[EXERCISE GOAL]:
Locate "Ekim ayı itibarıyla" in the records below, then copy its line and every following line exactly, without the pictures.

── INPUT RECORDS

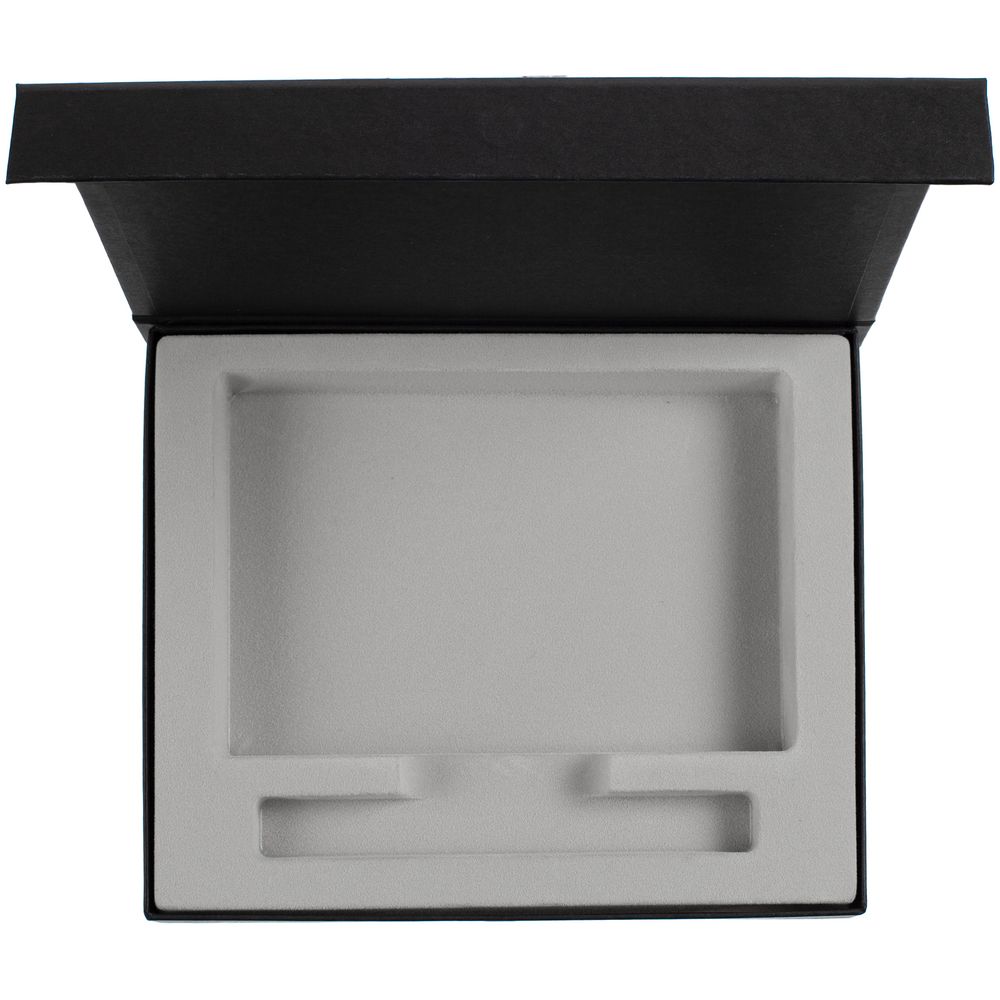 Коробка из переплетного картона, кашированного гладкой дизайнерской бумагой Magic, с крышкой на магните и флокированным ложементом. Подходит для блокнота...
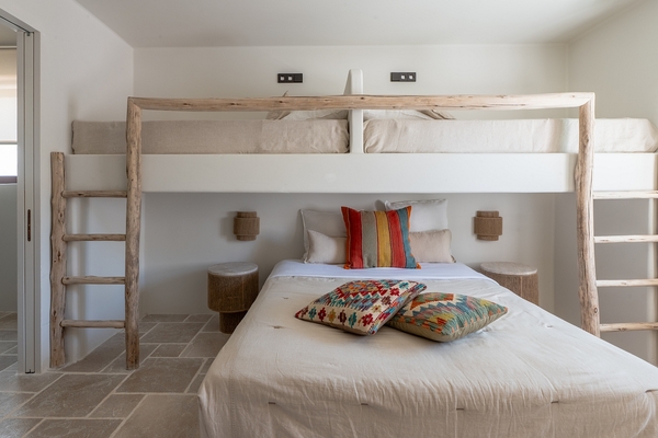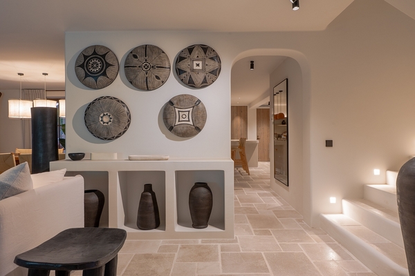 The interiors offer the highest level of comfort and exclusivity. Six double bedrooms with en-suite bathrooms ensure privacy and intimacy, featuring premium bedding, air conditioning and carefully selected handcrafted details. The bathrooms, elegant yet functional, combine local stone, spacious walk-in showers and freestanding bathtubs with views. The bright and expansive living room opens directly onto the outdoor areas and the pool, while the fully equipped open-plan designer kitchen is perfect for both relaxed family gatherings and refined culinary experiences.
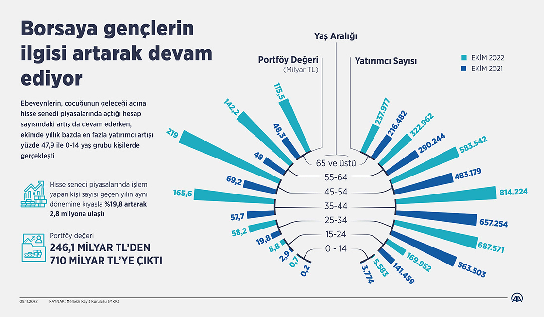 Ekim ayı itibarıyla hisse senedi piyasalarında işlem yapan 15-24 yaş grubu genç yatırımcıların sayısı 170 bine dayanırken, bu kişilerin hesap büyüklükleri ise 8 milyar 786,4 milyon liraya ulaşarak bir yılda 3 katına çıktı. (Grafik: Omar Zaghloul/AA)09 Kasım 2022•Güncelleme: 09 Kasım 2022
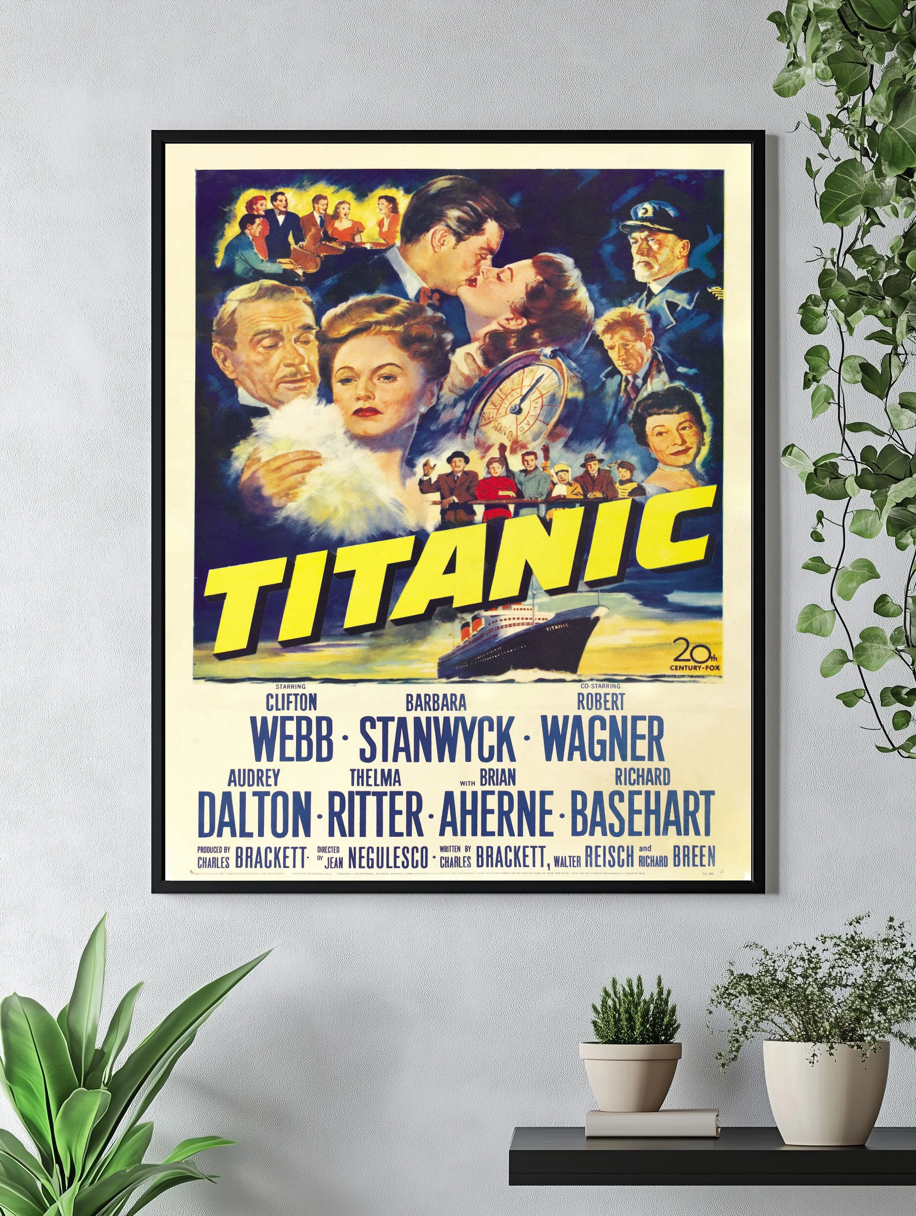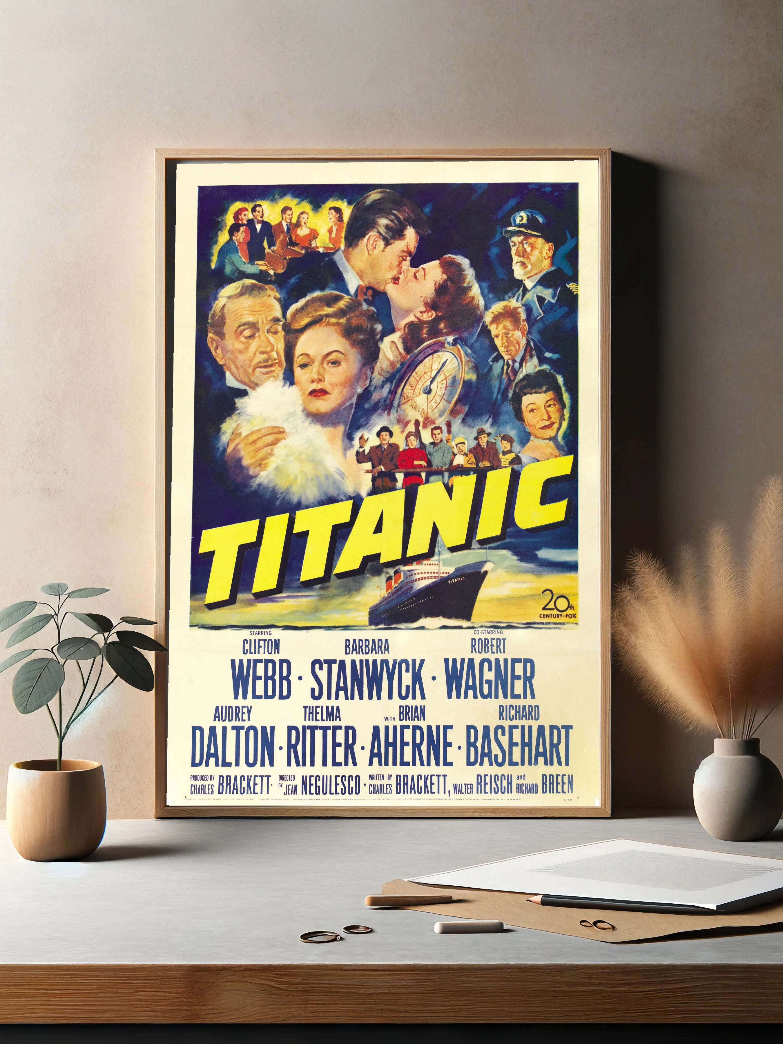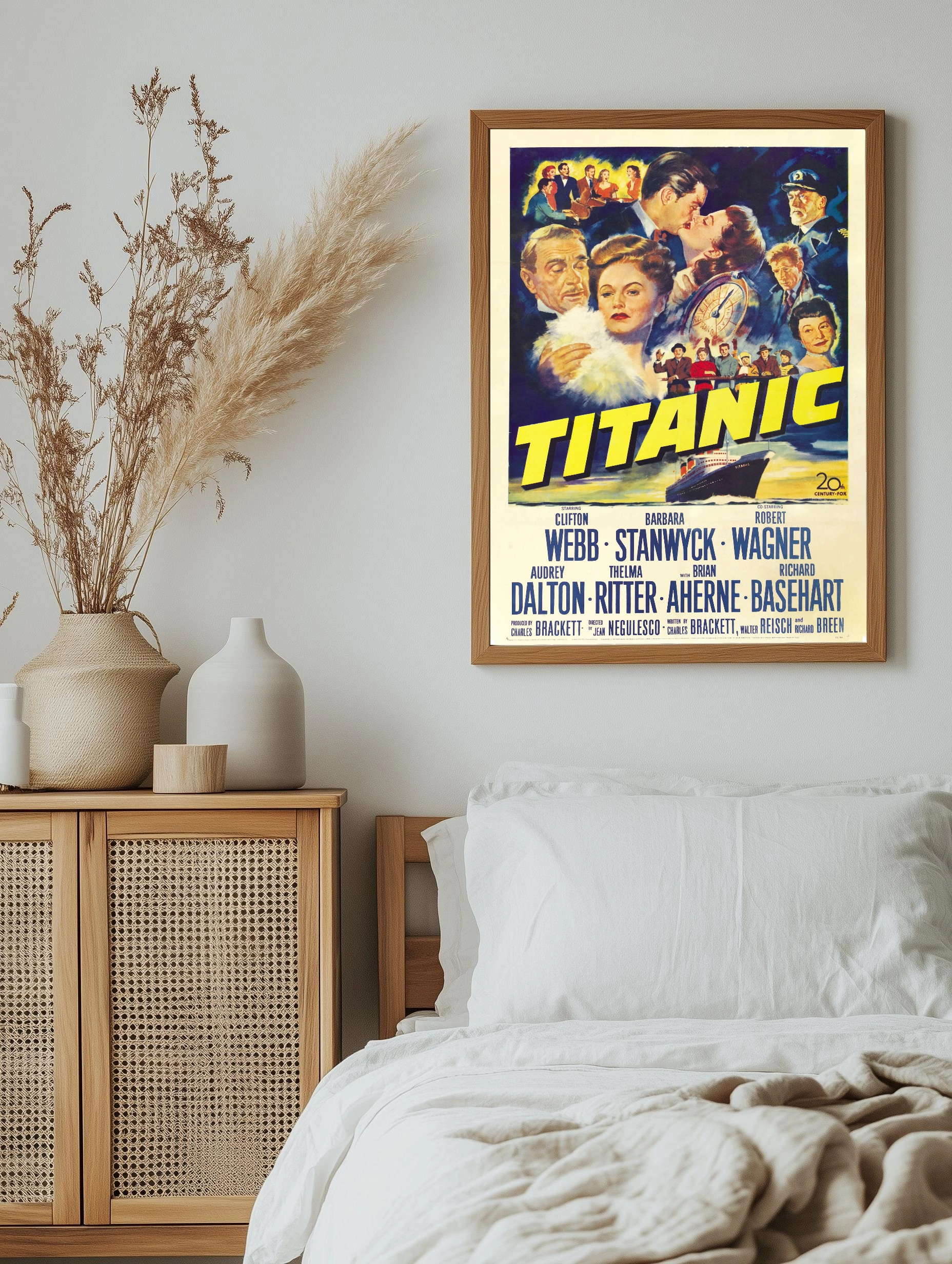 На изображении представлен винтажный художественный плакат фильма «Титаник». Постер выполнен в классическом стиле с ярким желтым заголовком на фоне, изображены ключевые персонажи, влюбленная пара и морское судно Титаник. Идеально подходит для стильного декора стен и создания атмосферы ретро и киноискусства.
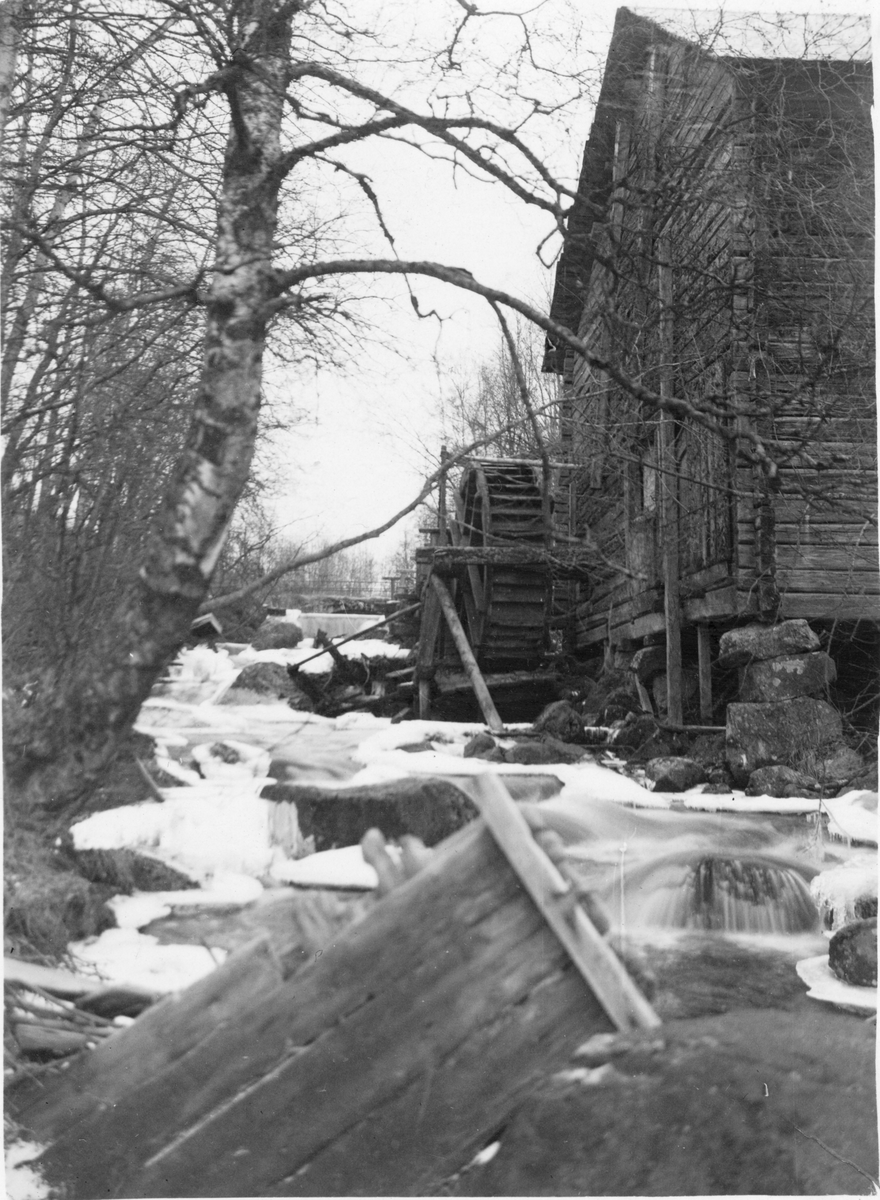 Kyrkbäcken i Indal med vattenhjul till prästgårdens tröskloge.

────

[EXERCISE SOLUTION]:
 Ekim ayı itibarıyla hisse senedi piyasalarında işlem yapan 15-24 yaş grubu genç yatırımcıların sayısı 170 bine dayanırken, bu kişilerin hesap büyüklükleri ise 8 milyar 786,4 milyon liraya ulaşarak bir yılda 3 katına çıktı. (Grafik: Omar Zaghloul/AA)09 Kasım 2022•Güncelleme: 09 Kasım 2022
 На изображении представлен винтажный художественный плакат фильма «Титаник». Постер выполнен в классическом стиле с ярким желтым заголовком на фоне, изображены ключевые персонажи, влюбленная пара и морское судно Титаник. Идеально подходит для стильного декора стен и создания атмосферы ретро и киноискусства.
 Kyrkbäcken i Indal med vattenhjul till prästgårdens tröskloge.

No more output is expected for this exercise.